▸ **TASK TO COMPLETE**
In the entries below, begin at the line that has "パール:コットンパール 星、月:レジン イヤリング:金メッキ" and stop after the line that has "ダブルカッタウェイのマホガニ"; output those lines exactly, leaving out pictures.

▸ **SUPPLIED DATA**
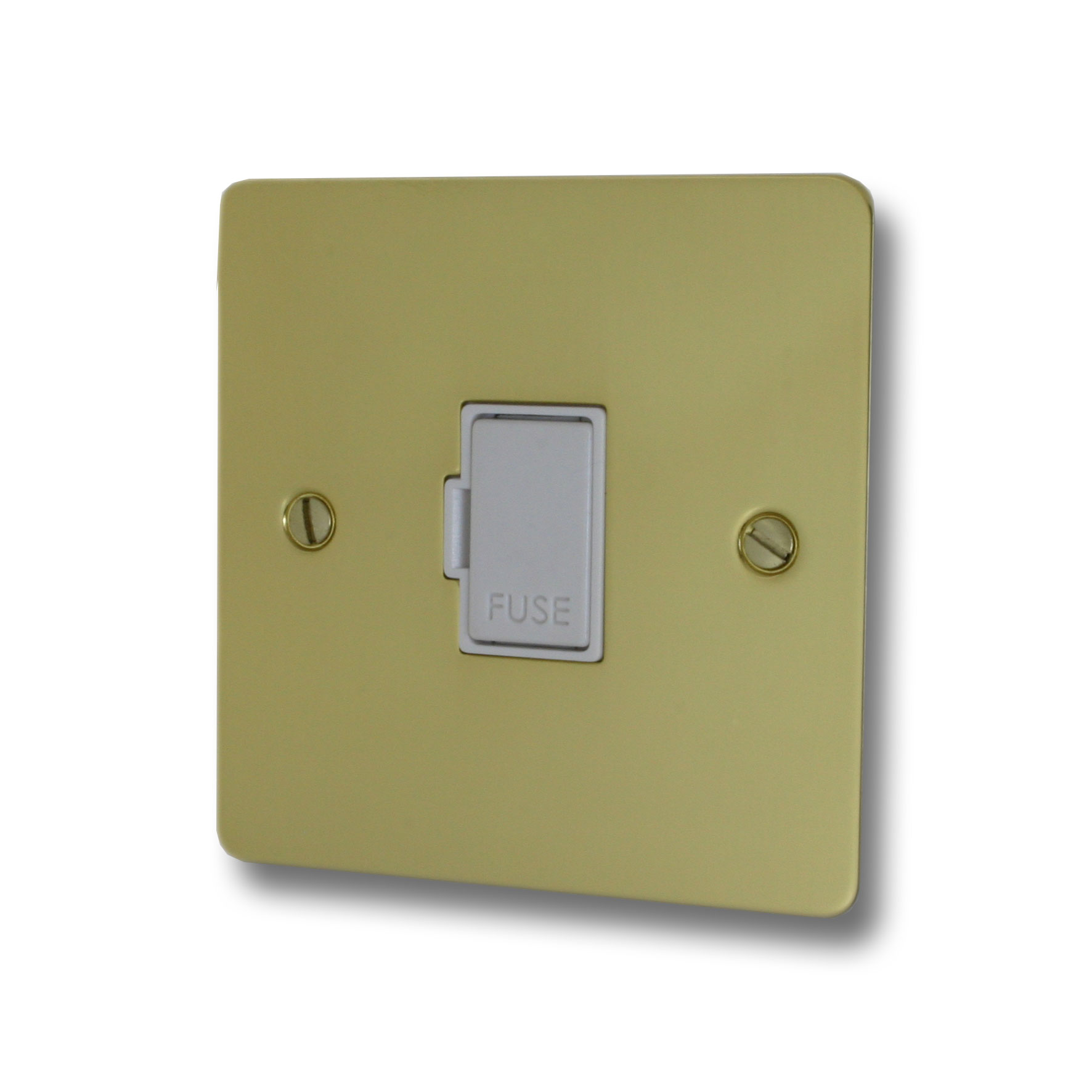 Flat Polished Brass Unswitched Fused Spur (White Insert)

* * *

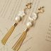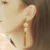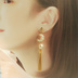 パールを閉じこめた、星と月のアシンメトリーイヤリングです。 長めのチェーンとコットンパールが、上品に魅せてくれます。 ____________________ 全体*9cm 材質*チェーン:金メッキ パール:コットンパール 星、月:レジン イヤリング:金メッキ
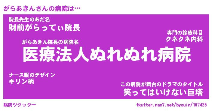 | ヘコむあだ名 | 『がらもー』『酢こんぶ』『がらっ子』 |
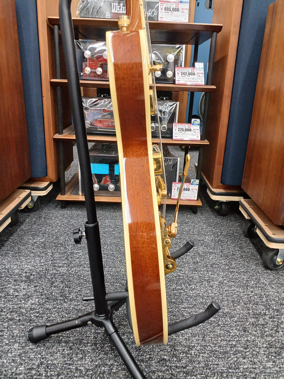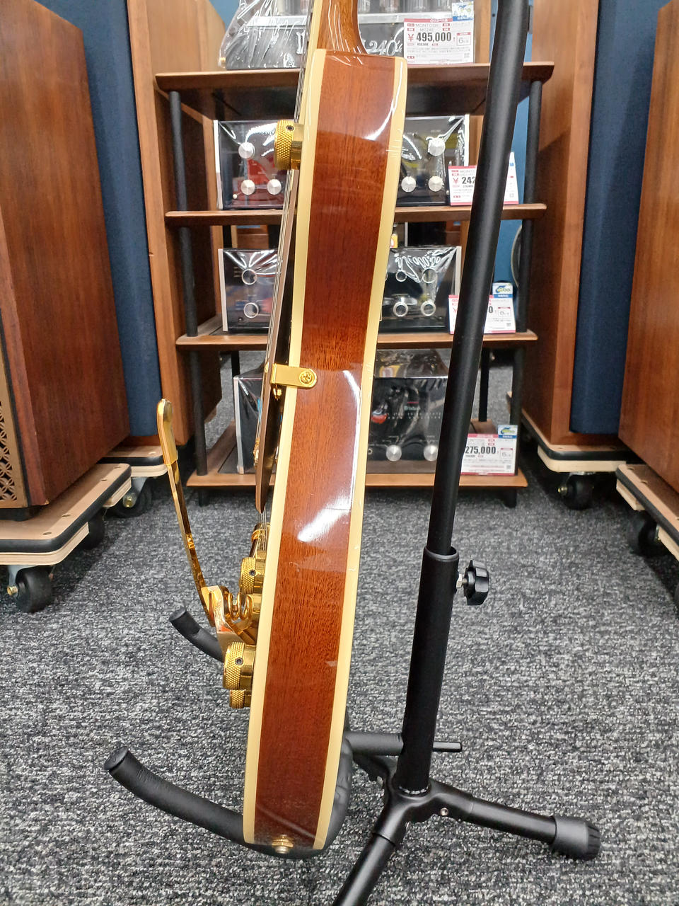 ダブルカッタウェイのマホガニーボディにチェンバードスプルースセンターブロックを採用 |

---

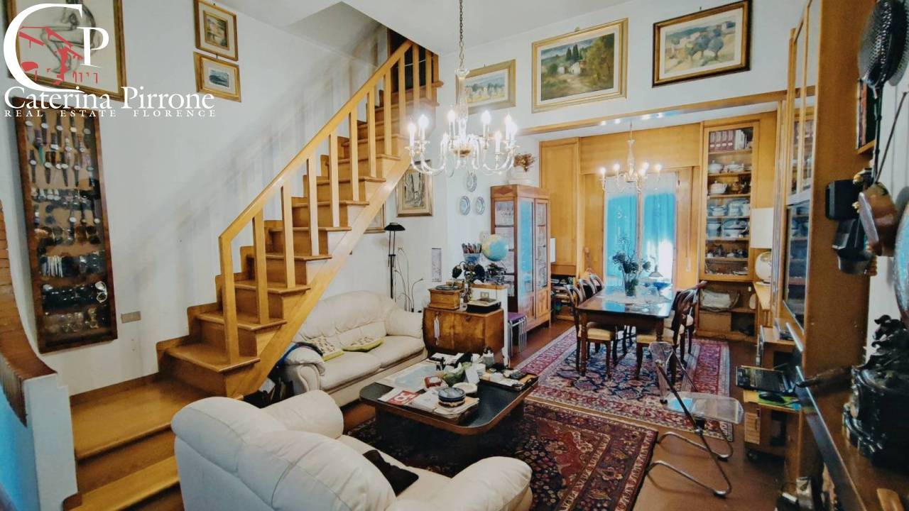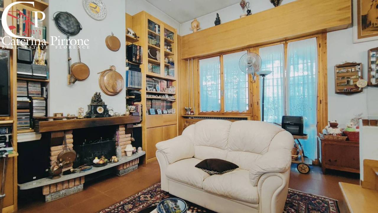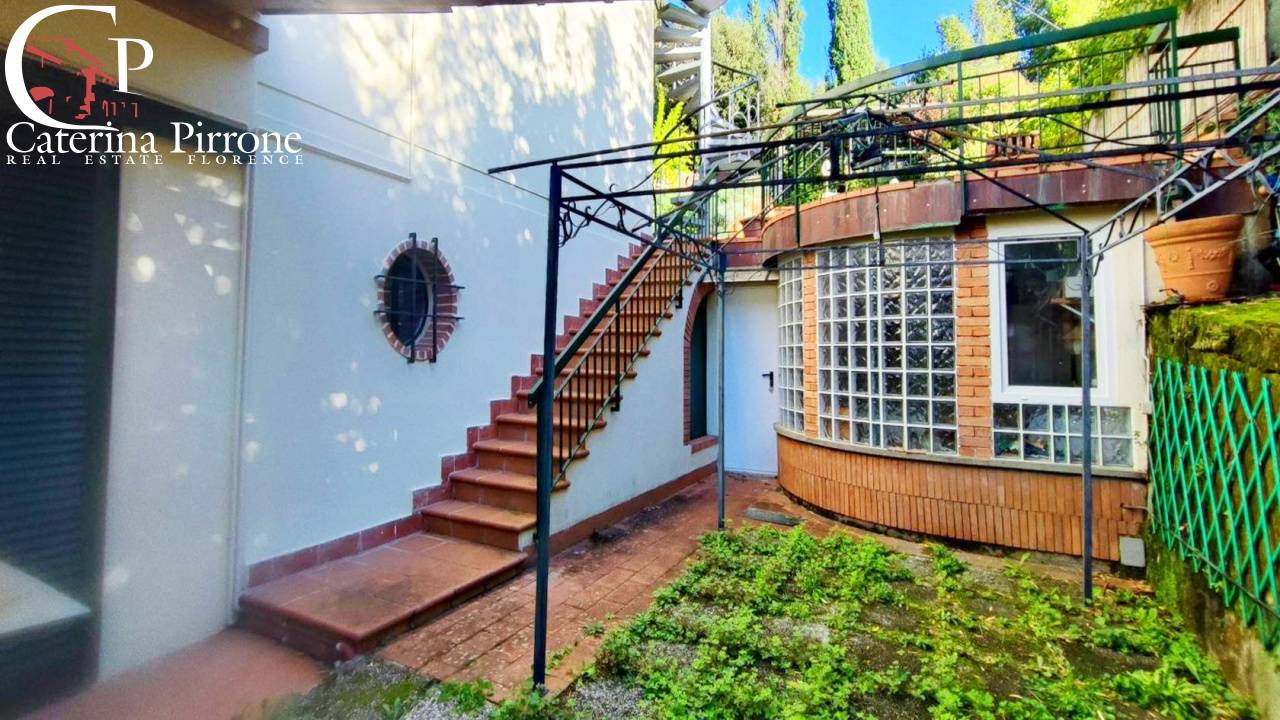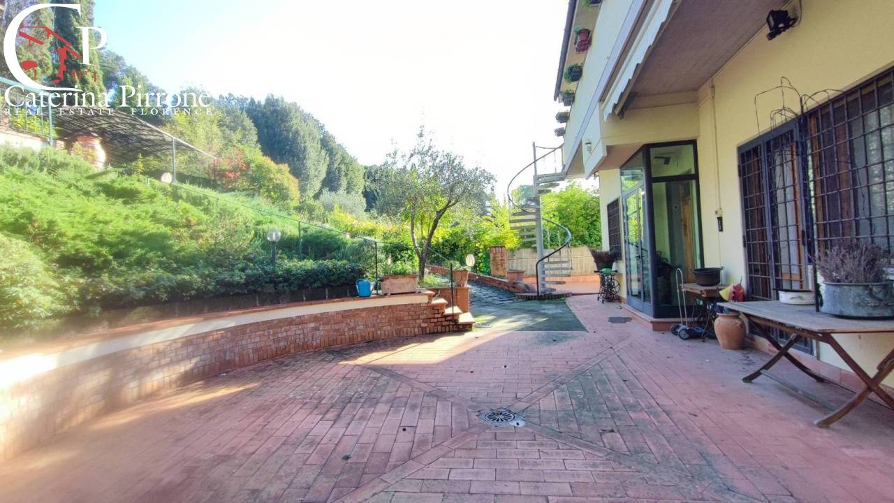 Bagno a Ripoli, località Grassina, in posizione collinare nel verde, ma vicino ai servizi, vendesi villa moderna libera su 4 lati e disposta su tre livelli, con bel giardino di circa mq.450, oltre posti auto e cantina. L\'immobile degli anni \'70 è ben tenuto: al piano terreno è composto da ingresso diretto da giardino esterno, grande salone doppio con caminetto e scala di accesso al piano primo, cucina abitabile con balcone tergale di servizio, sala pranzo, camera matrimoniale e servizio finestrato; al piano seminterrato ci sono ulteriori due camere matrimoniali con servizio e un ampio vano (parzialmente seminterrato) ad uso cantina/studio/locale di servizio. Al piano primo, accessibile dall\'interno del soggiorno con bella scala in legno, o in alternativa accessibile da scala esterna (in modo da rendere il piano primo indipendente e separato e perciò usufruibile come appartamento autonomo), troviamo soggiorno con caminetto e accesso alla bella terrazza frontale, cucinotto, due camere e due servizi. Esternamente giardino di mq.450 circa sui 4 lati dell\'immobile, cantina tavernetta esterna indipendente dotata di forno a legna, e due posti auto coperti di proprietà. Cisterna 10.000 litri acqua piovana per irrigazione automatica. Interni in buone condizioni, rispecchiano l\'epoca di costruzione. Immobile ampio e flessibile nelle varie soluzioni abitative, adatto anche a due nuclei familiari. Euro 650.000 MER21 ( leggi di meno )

▸ **PROBLEM SOLUTION**
 パールを閉じこめた、星と月のアシンメトリーイヤリングです。 長めのチェーンとコットンパールが、上品に魅せてくれます。 ____________________ 全体*9cm 材質*チェーン:金メッキ パール:コットンパール 星、月:レジン イヤリング:金メッキ
 | ヘコむあだ名 | 『がらもー』『酢こんぶ』『がらっ子』 |
 ダブルカッタウェイのマホガニーボディにチェンバードスプルースセンターブロックを採用 |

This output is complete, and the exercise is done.